PRS also has a call center for patient outreach, and programs for distributing samples and medication guides. But overall, the company emphasizes its connectedness to pharmacies, and looks to pharmacists as key partners in promoting adherence. PRS’ Derek Rago notes that pharmacists are routinely face-to-face with patients, and are highly trusted authorities, so that adherence-support dollars spent in that channel have a high probability of success. One of PRS’ offerings is a straight-up discount that can be applied when a prescription is adjudicated (thus reducing the out-of-pocket expense for the patient) at the pharmacy counter. Another is an incentive program for pharmacists to provide on-the-spot counseling for several minutes to a patient; the incentive shows up in the adjudication system, alerting the pharmacist, and the reimbursement is funded by the manufacturer.
Another element of this service is to train pharmacists in “motivational interviewing,” a type of psychological counseling that tries to elicit responses from patients that improves their own understanding of the value of compliance. “We employ behavioral psychologists to study the entire spectrum of patient adherence,” says Rago. “One of the advantages of motivational interviewing is that you can scale the service across a broad number of interventions.”

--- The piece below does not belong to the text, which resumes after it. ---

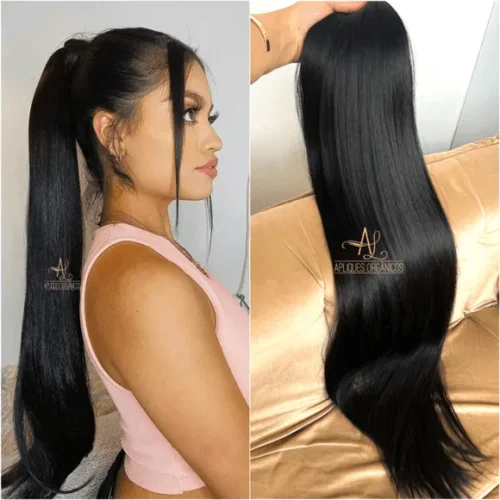 Em até 3x de R$ 56,66 sem juros Aplique Rabo de Cavalo Preto Liso Fibra Russa.

Timothy Davis, an independent Health Mart pharmacist in Beaver, PA, told the Frost & Sullivan conference attendees that this system fits well into the workflow of busy pharmacists in that they can do the intervention on the fly, as opposed to the structure of the medicine therapy management (MTM) of Medicare and other programs, which require setting aside a block of time for counseling. “The incentive might be a small amount of money, but believe me, independent pharmacists value any revenue stream that can enhance their customer interaction,” he says.
PRS claims an ROI as high as 8:1 in money spent on adherence programs it offers, in terms of higher medicine consumption.
Loyalty card programs are available from a number of sources, including Adheris, a unit of inVentiv Health based in Burlington, MA, and Group DCA (Parsippany, NJ). Many other systems provide coupons at the point of sale (or through mailings to patients). Overall, patients have become accustomed to the use of a card both as a necessary part of belonging to a drug plan, and as a desired part of retail shopping. Most of the larger pharmacy chains have in-house loyalty card programs. A 2005 study by AC Nielsen (Markham, ON) found that 62% of Canadian households made use of a loyalty card with drugstores, and that 57% of all households rated the cards as a “likely” or “very important” element of their choice of store.
Marketing effects
Even though the stereotype of physician’s interactions with patients is that they seldom spend sufficient time explaining drug therapies, or monitoring adherence, those healthcare professionals are still the most cited source of guidance by patients. A February study just released by PharmaForce International (Reading, PA), found that physicians are cited by 46% of patients surveyed more than double any other healthcare professional (Fig. 3).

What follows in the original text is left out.